Automated text extraction of a especific PDF made of images
3 step process
- Extract pdf images (pdfimages)
- Extract text from images (tesseract OCR)
- Concat all text files
The first step extracts all the images and removes those without text.
This process is tuned for the test pdf and probably will fail in other scenarios.
The test pdf has multiple images but only some of them have the targeted text.
The list of images is show with:
$ pdfimages -list "$TARGET_IMGPDF"
page num type width height color comp bpc enc interp object ID
---------------------------------------------------------------------
1 0 image 1240 1753 rgb 3 8 jpeg no 56 0
1 1 mask 304 76 - 1 1 ccitt no 57 0
1 2 mask 368 36 - 1 1 ccitt no 58 0
1 3 mask 1968 3092 - 1 1 ccitt no 59 0
1 4 mask 152 96 - 1 1 ccitt no 60 0
2 5 image 1240 1753 rgb 3 8 jpeg no 4 0
# ...etc
The target images share the attribute of having 3000+ height, so that "fingerprint" is used.
Target images id adquisition:
TARGET_IMAGE_IDS=$(pdfimages -list "$TARGET_IMGPDF" | grep -E '3[0-9]{3}' | awk '{ print $2; }')
That behaviour could be changed at "function step1()" for other scenarios.

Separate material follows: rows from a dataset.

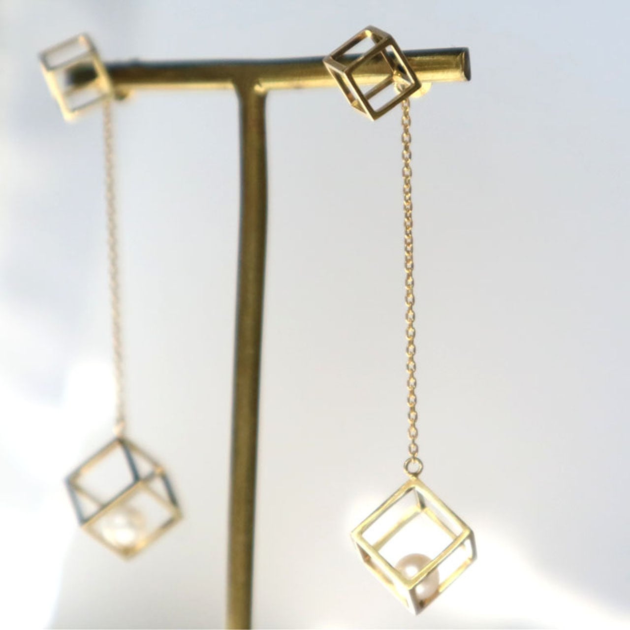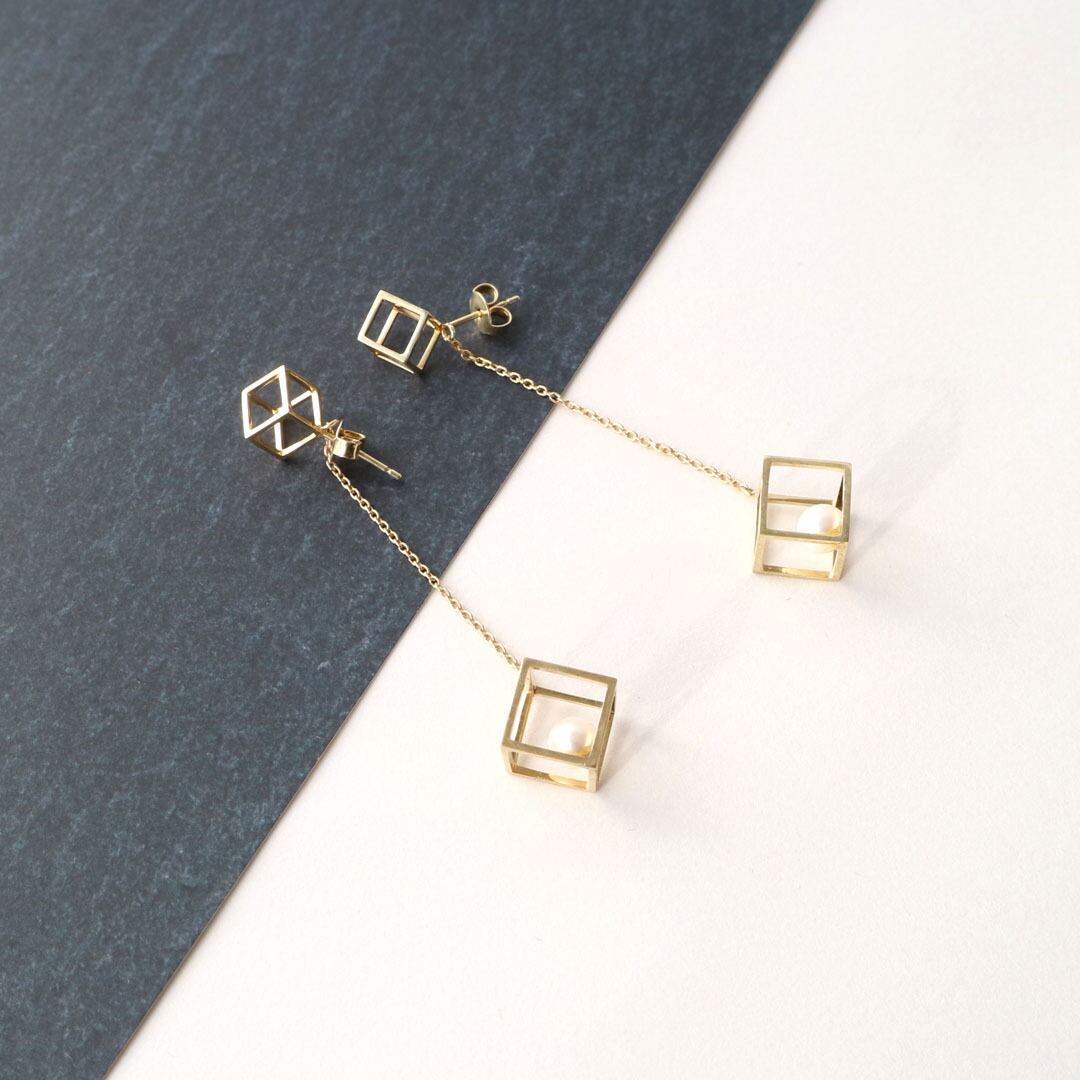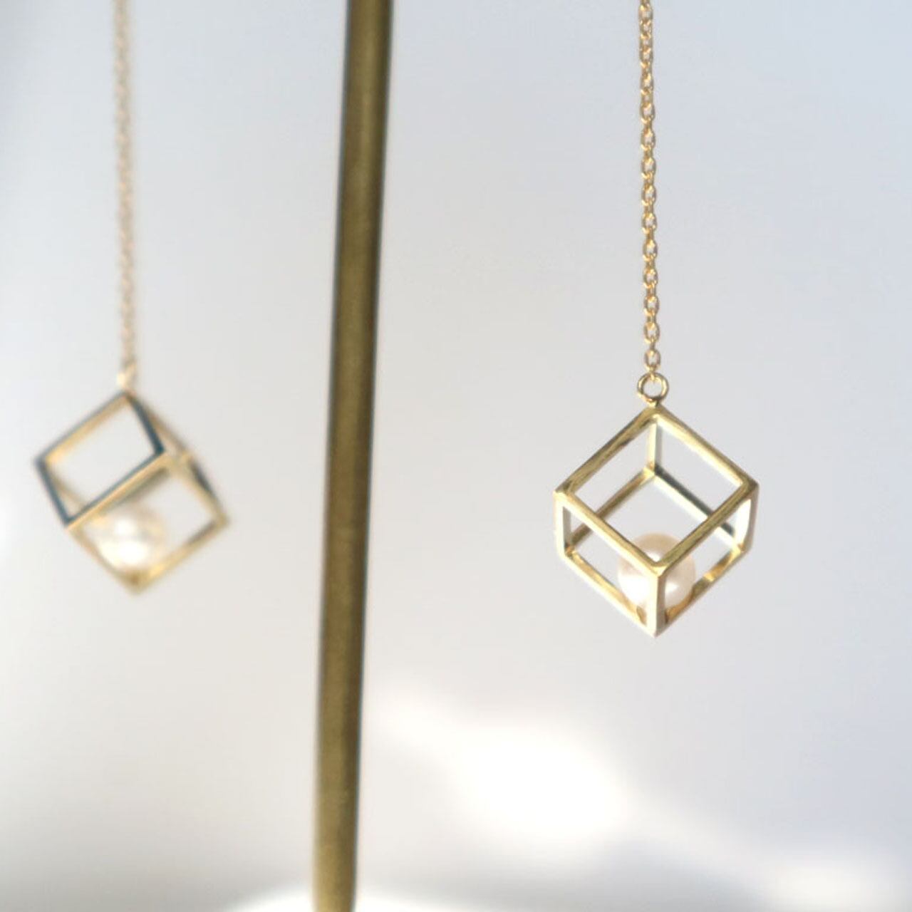 立体のスクエア型チャームが揺れることで演出される女性らしい雰囲気と、他にない個性的なデザインのピアスです。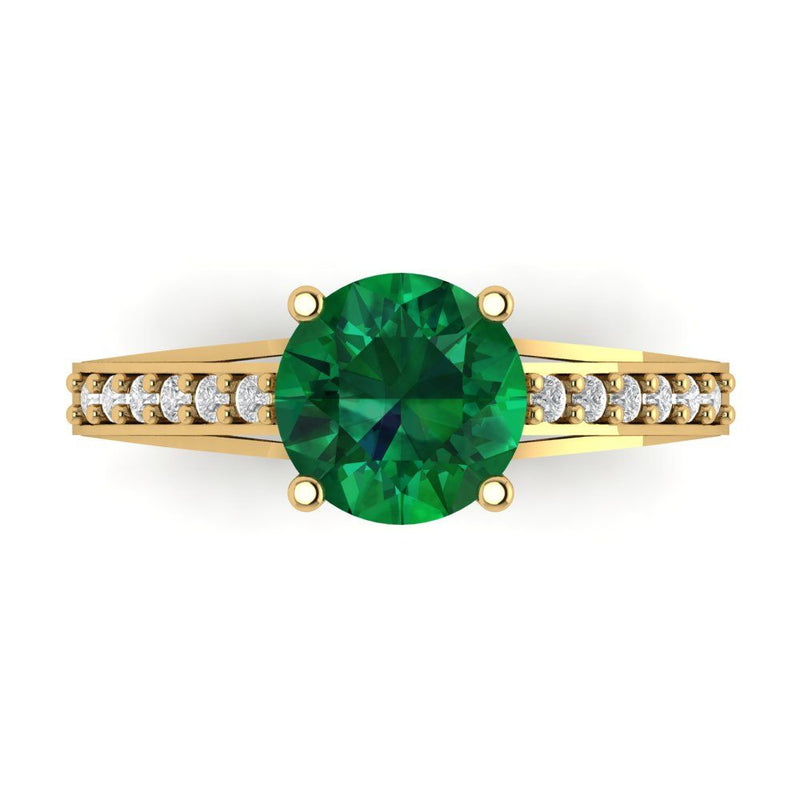 2.21 cttw Simulated Emerald Solitaire with Zirconia Simulated Diamond Accents Engagement Ring - Solid Gold (Round Cut,8.0mm)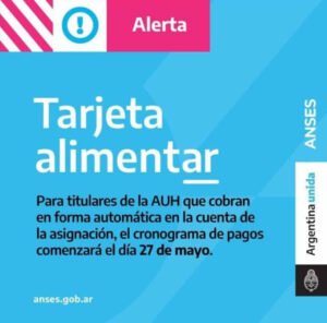 El Ministerio de Desarrollo Social de la Nación informó que el pasado viernes se acreditó el monto de la Tarjeta Alimentar para quienes tienen la tarjeta física, en tanto que para quienes no recibieron la tarjeta, el cobro se hará por la cuenta de la Asignación Universal por Hijo (AUH) a partir del próximo 27 de mayo.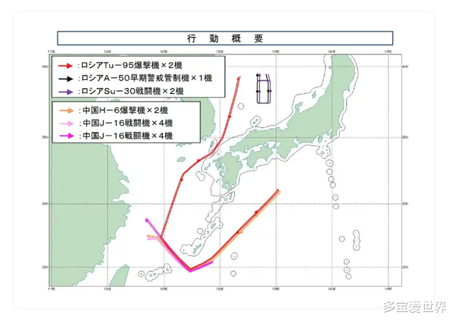 先说说这次联合巡航的硬核配置。俄方出动 2 架图 - 95 轰炸机、1 架 A-50 预警机,还有 2 架苏 - 30 系列战斗机。咱们中方也不含糊,派出 2 架轰 - 6K 轰炸机和 8 架歼 - 16 战斗机,阵容相当豪华。飞行路线更是不一般。当地时间 9 号下午,俄轰炸机编队先穿过对马海峡进入东海,和咱们的战机编队汇合后,一起经宫古海峡闯进西太平洋,接着一路北上,越过北纬 30° 线和东经 135° 线,直接飞到了四国以东空域。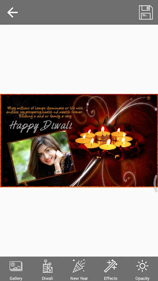 Happy Diwali / New Year Photo Frame contains awesome Greetings. Make this Diwali more special by wishing your friends,family and beloved ones with your unique greetings. Happy Diwali Photo Frames contains nicely designed greetings, happy diwali wishes, candles and crackers,lighting deepam greetings.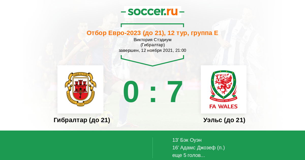 | Гибралтар (до 21) | Уэльс (до 21) | |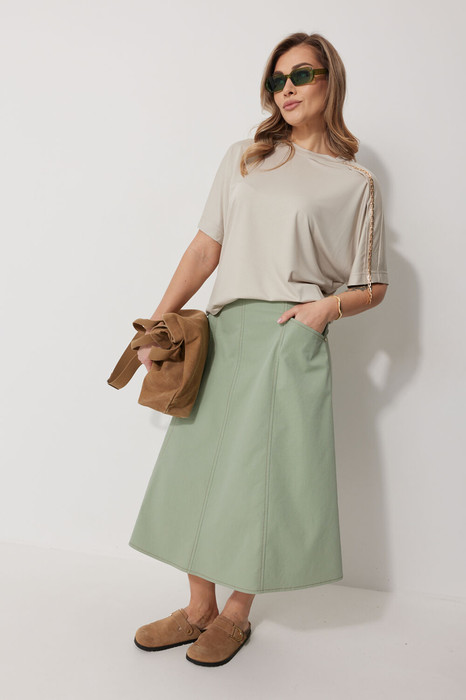 Юбка женская А – силуэта длиной до середины икры. Перед юбки состоит из 4 клиньев. Вверху передней части юбки располагается карман с отрезным бочком с хольнитенами по концам крмана. Спинка юбки состоит из 4 клиньев. Швы  всех клиньев отстрочены контрастной отделочной строчкой По среднему шву юбки находится застежка – молния.  Верхний срез юбки обработан обтачкой.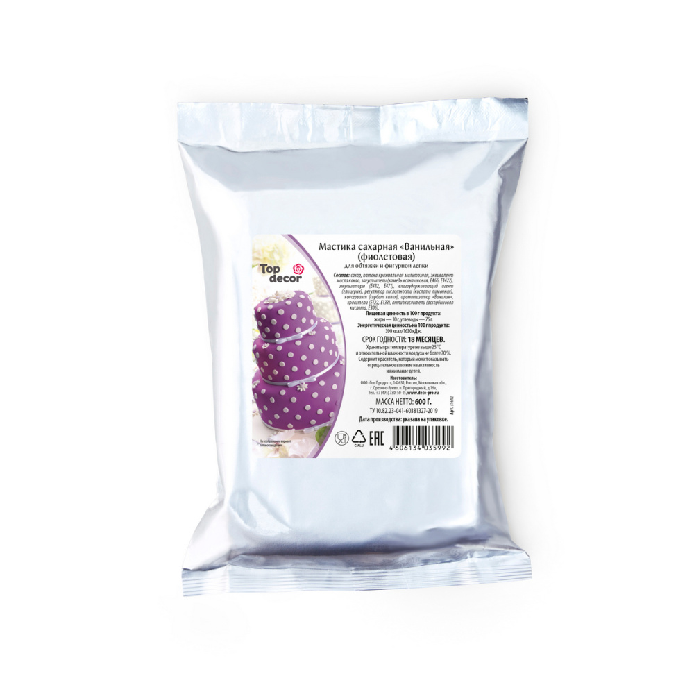 Мастика представляет собой сахарное тесто, которое используется для декорирования тортов и других кондитерских изделий. Подходит для обтяжки тортов и пирожных, а также для изготовления декора (фигурная лепка). Мастика хорошо окрашивается водорастворимыми красителями.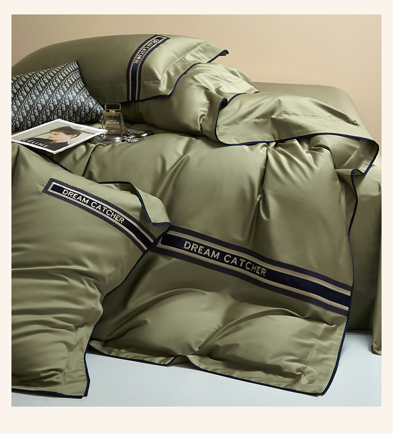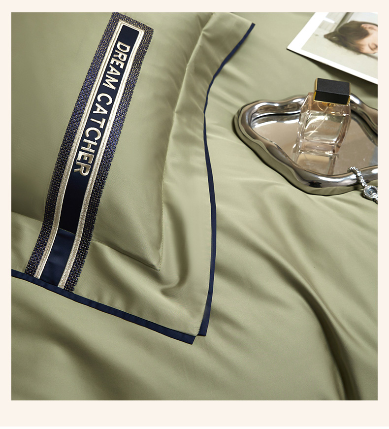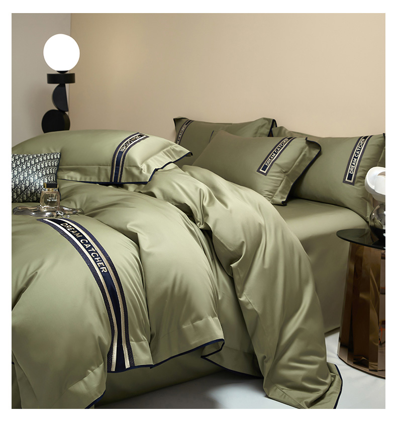 爱缦 2024新款100支澳棉CR工艺极简轻奢刺绣四件套-茹伊 风格一 港风绿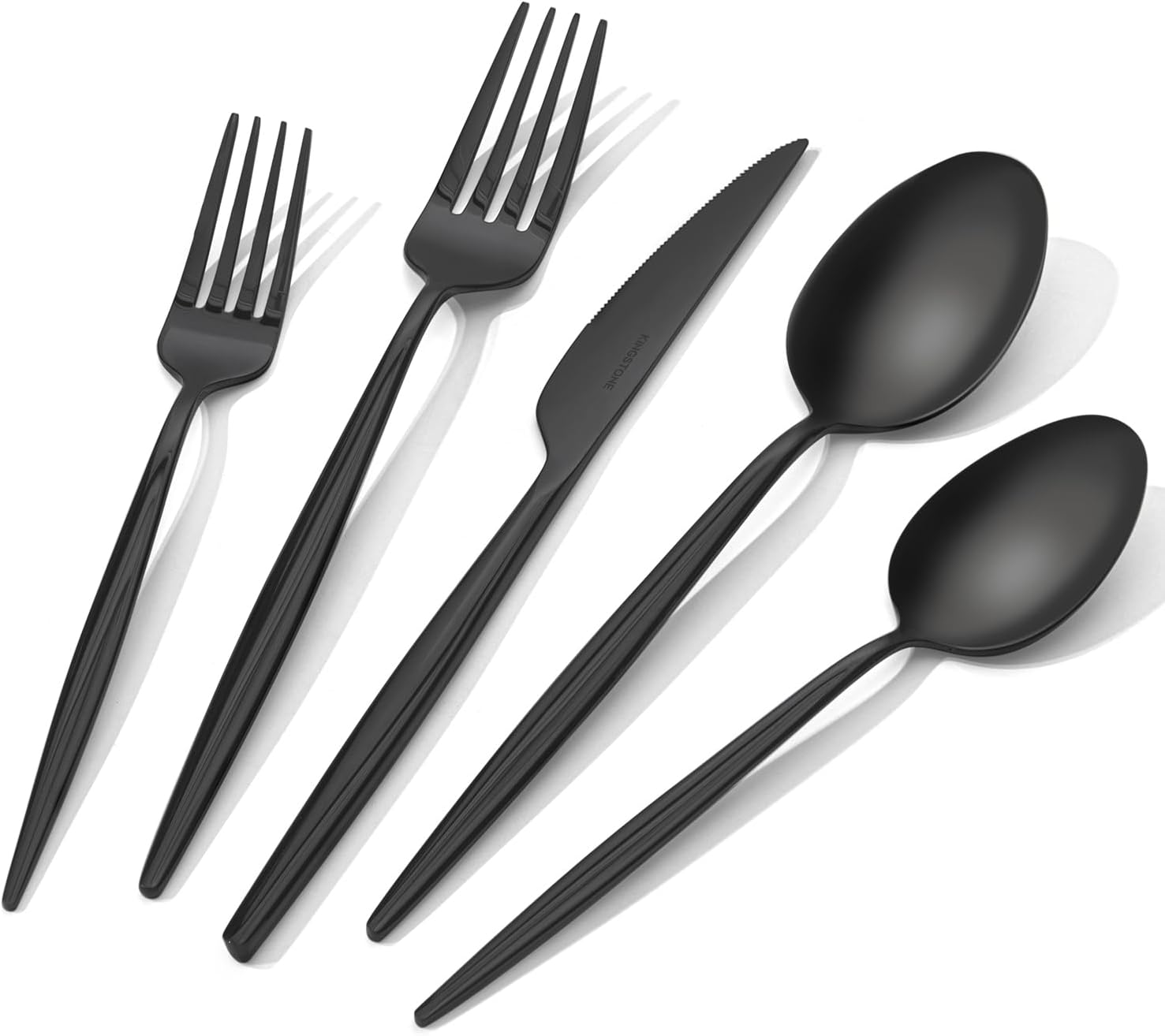 KINGSTONE Silverware Set, 20-Piece Flatware Set Cutlery Set Premium 18/10 Stainless Steel, Tableware Include Forks Knives Spoons for Home Kitchen Restaurant Wedding, Dishwasher Safe,Black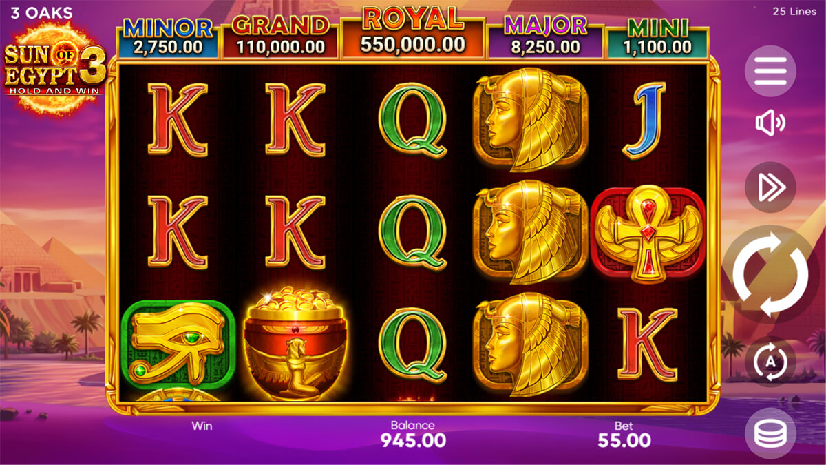 3 Oaks consistently applies a progression based design philosophy, favoring familiar frameworks enhanced through payout scaling and bonus layering. In Sun of Egypt 3, this approach is evident through the expansion of jackpot tiers and the introduction of the Super Bonus, which functions as a volatility accelerator rather than a standalone mechanic. The provider continues to balance accessibility with long term reward potential, targeting players who value predictable structure paired with rare but meaningful payoff events.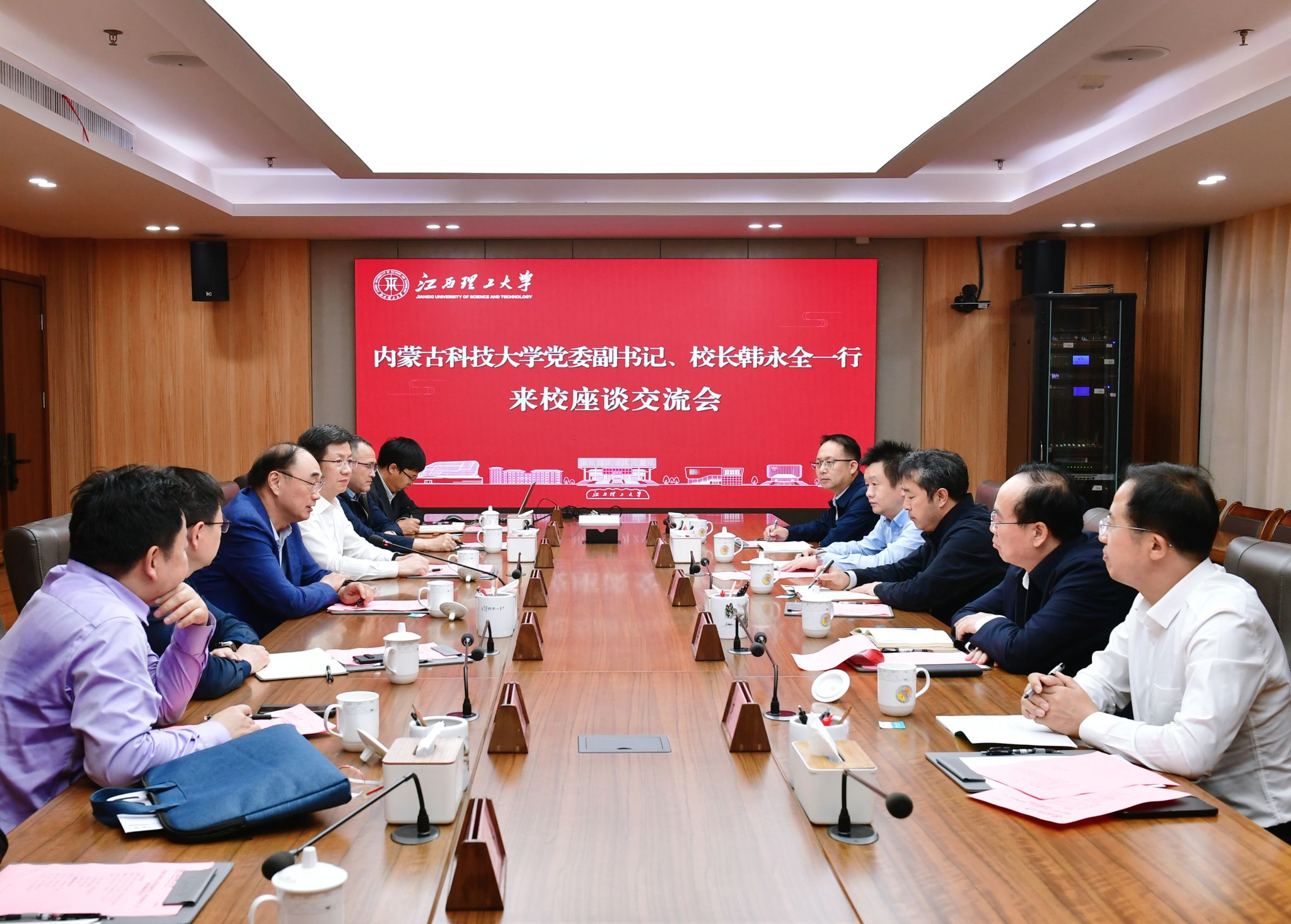 近日,校长韩永全率队赴江西理工大学考察调研,并与中国工程院院士、江西理工大学校长葛世荣,党委书记刘祖文分别举行座谈。双方围绕学科建设、科研体制改革、校际合作、强化稀土领域产学研协同创新、推动资源共享等内容开展深入交流。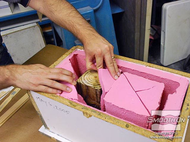 לחיצה להגדלת תמונה בתוך תבנית הסיליקון קיימים מוטות תמיכה מעץ כך שהתבנית תשמור על צורתה בזמן היציקה. בתוך תבנית הסיליקון קיימים מוטות תמיכה מעץ כך שהתבנית תשמור על צורתה בזמן היציקה.

Let me know by means of Github issues of any problems, solutions, proposals. :D
./imgpdf2text.sh $TARGET_FILE
Outputs creates a file named $TARGET_FILE.txt with the text extracted
- bash (4.3.11(1)-release)
- pdfimages (0.24.5)
- tesseract (3.03)
Linux Mint 17 Qiana (Ubuntu 14.04)
sudo apt-get install poppler-utils
sudo apt-get install tesseract